The whole listing below needs to be duplicated exactly, pictures aside.

Data segment

++++++++++++++++++++

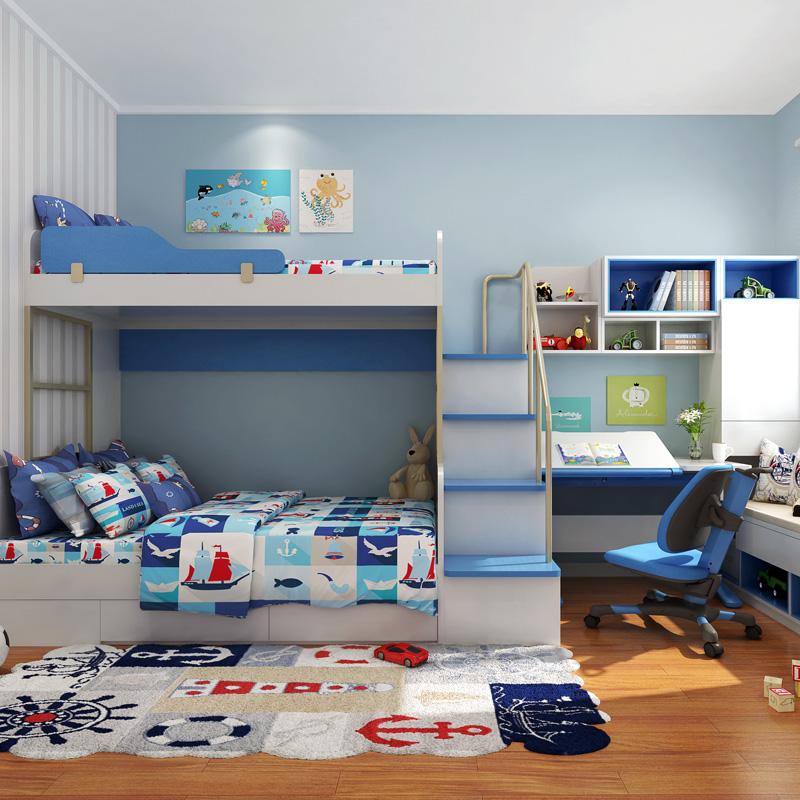 床的高度盡量不要太高,這樣就算是小朋友不小心翻下來了,也不會造成太大的傷害。
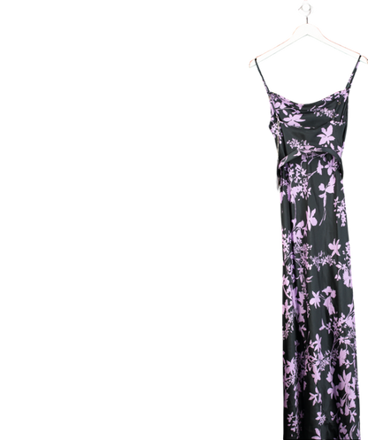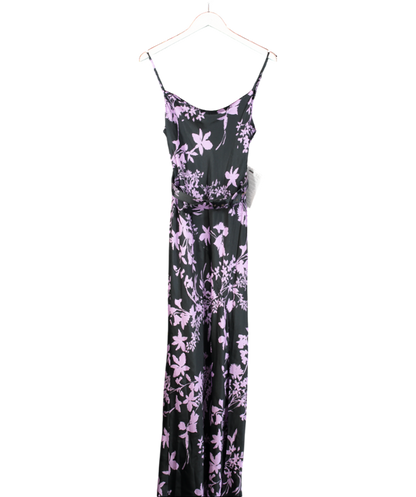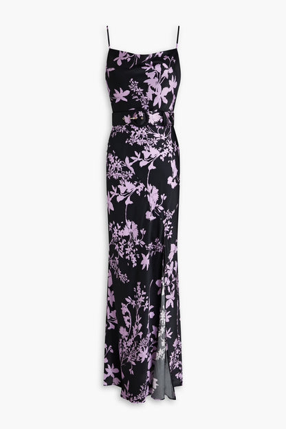 Simone Belted Floral Print Silk Satin Maxi Dress - Nicholas - Black - UK 6
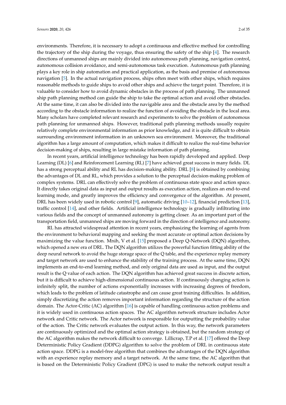 本文其余部分的结构如下。第二部分是对相关工作的回顾。第3节给出了基于DRL的无人驾驶船舶自主路径规划模型。第四部分是仿真实验过程与实验结果的对比分析。最后,第五部分对全文进行总结。
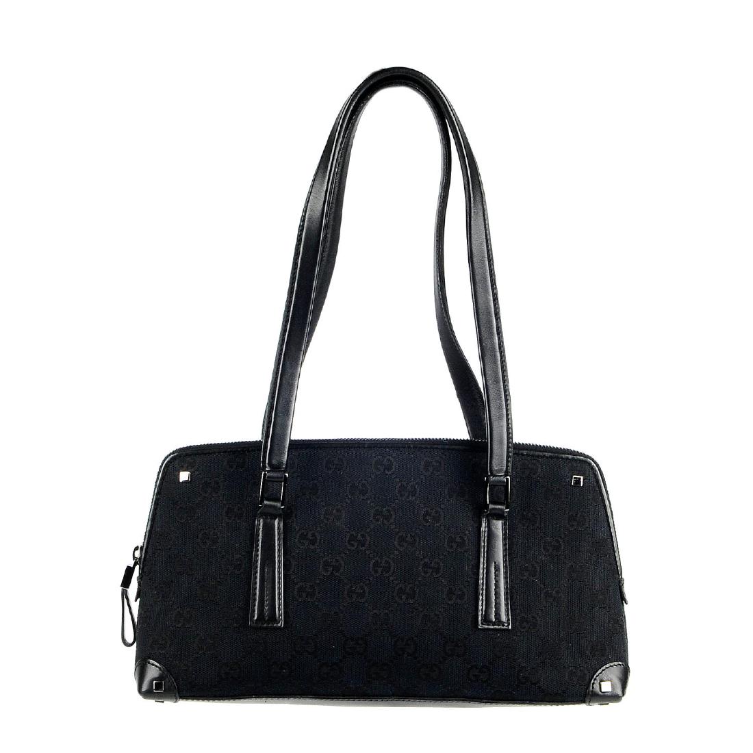 SoldGUCCI - a Jackie handbag. Designed with a black GGGUCCI - a Jackie handbag. Designed with a black GG canvas exterior and smooth black leather trim, flat handle with buckle side detail, polished gunmetal hardware and a front piston-lock fastening. MeaSee Sold Price

++++++++++++++++++++

Expected answer
 床的高度盡量不要太高,這樣就算是小朋友不小心翻下來了,也不會造成太大的傷害。
 Simone Belted Floral Print Silk Satin Maxi Dress - Nicholas - Black - UK 6
 本文其余部分的结构如下。第二部分是对相关工作的回顾。第3节给出了基于DRL的无人驾驶船舶自主路径规划模型。第四部分是仿真实验过程与实验结果的对比分析。最后,第五部分对全文进行总结。
 SoldGUCCI - a Jackie handbag. Designed with a black GGGUCCI - a Jackie handbag. Designed with a black GG canvas exterior and smooth black leather trim, flat handle with buckle side detail, polished gunmetal hardware and a front piston-lock fastening. MeaSee Sold Price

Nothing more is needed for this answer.